Biotech leaders urge fixes to bad Senate drug deal

 

July 8, 2022

Lend your support to the following open letter to Congressional leaders by completing the short Google Form at the end.

Dear Majority Leader Schumer, Chairman Wyden, and members of the United States Senate:

We are deeply concerned the new Senate drug bill fails to deliver adequate relief to the nation’s seniors and their families. It falls short of a generational opportunity to meaningfully lower Medicare beneficiary and taxpayer out-of-pocket costs. The revised language is not good enough for patients, bad for biopharma innovation, and provides no guarantee that PBMs and insurance plans will share savings with beneficiaries. 

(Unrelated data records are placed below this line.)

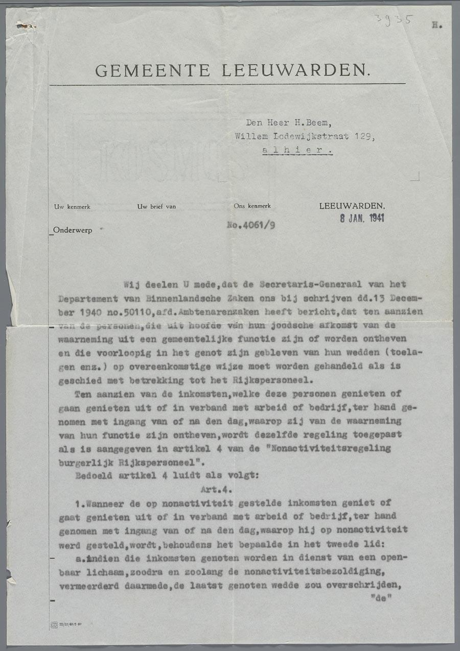 Brief van de Gemeente Leeuwarden aan Hartog Beem, over zijn ontslag en de uitkering aan joodse ambtenaren, januari 1941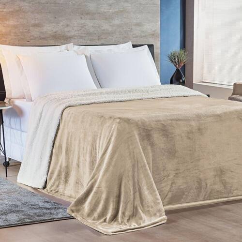 Cobertor King Alaska Dupla Face Sherpa/Mantinha 1 Peça - Caqui - Única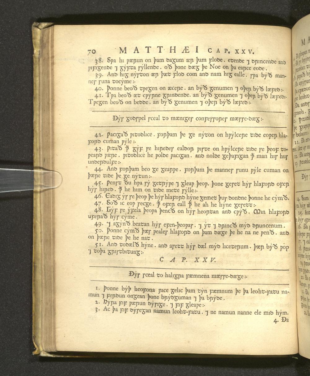 Quatuor D. N. Jesu Christi Euangeliorum Versiones perantiquæ duæ, Gothica scil. et Anglo-Saxonica / Quarum illam ex celeberrimo Codice Argenteo nunc primùm depromsit Franciscus Junius F. F. Hanc autem ex Codicibus Mss. collatis emendatiùs recudi curavit Thomas Mareschallus, Anglus ... Accessit & Glossarium Gothicum cui præmittitur Alphabetum Gothicum, Runicum, &c. operâ ejusdem Francisci Junii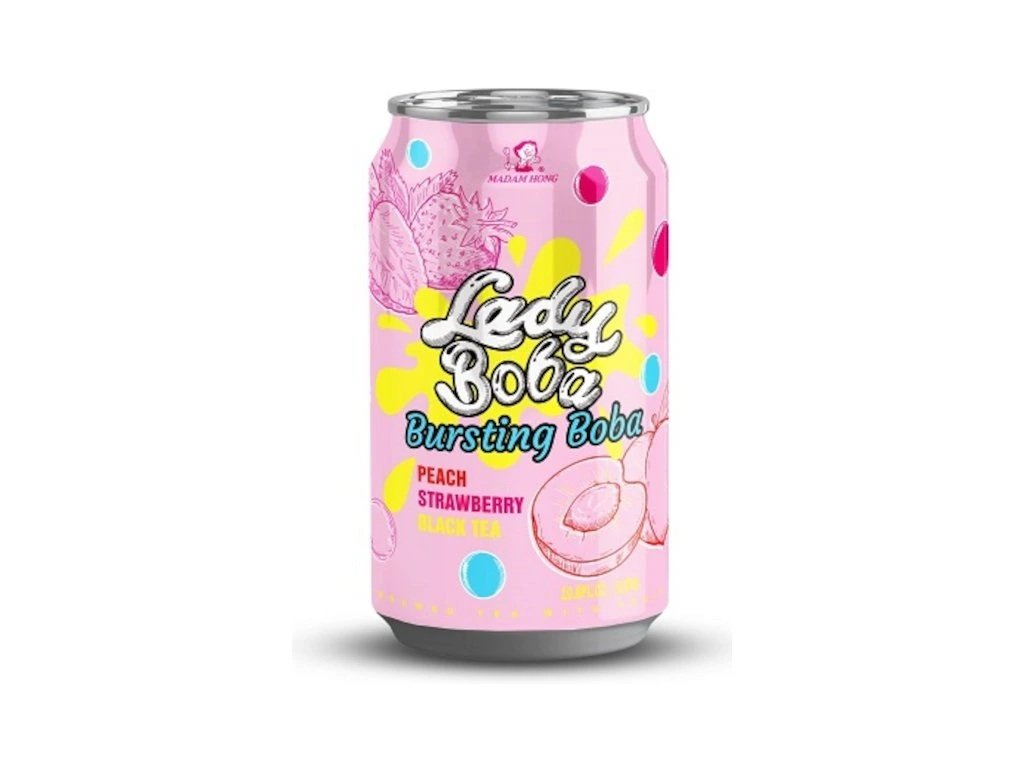Složení: vařený černý čaj (voda, listy černého čaje 0,5%), třtinový cukr, praskající kuličky 8% (voda, jahodový džus z koncentrátu, regulátor kyselosti E270 kyselina mléčná, zahušťovadla E401, E415, tapiokový škrob, regulátor kyselosti E296, barvivo: E160d, broskvový džus 1%, jablečný džus z koncentrátu 1%, jahodový džus z koncentrátu 0,3%, regulátor kyselosti E296 kyselina jablečná, příchuť.

The bill’s proposed $2,000 catastrophic cap helps only a small percentage of beneficiaries, and the new text now delays implementation until 2024. Fewer than 900,000 of the more than 32 million non-Medicaid eligible Medicare beneficiaries had out-of-pocket costs above the $2,000 cap in 2019. The bill must do more to help the majority of beneficiaries who face a roughly $500 deductible before any cost-sharing kicks in for physician prescribed therapies.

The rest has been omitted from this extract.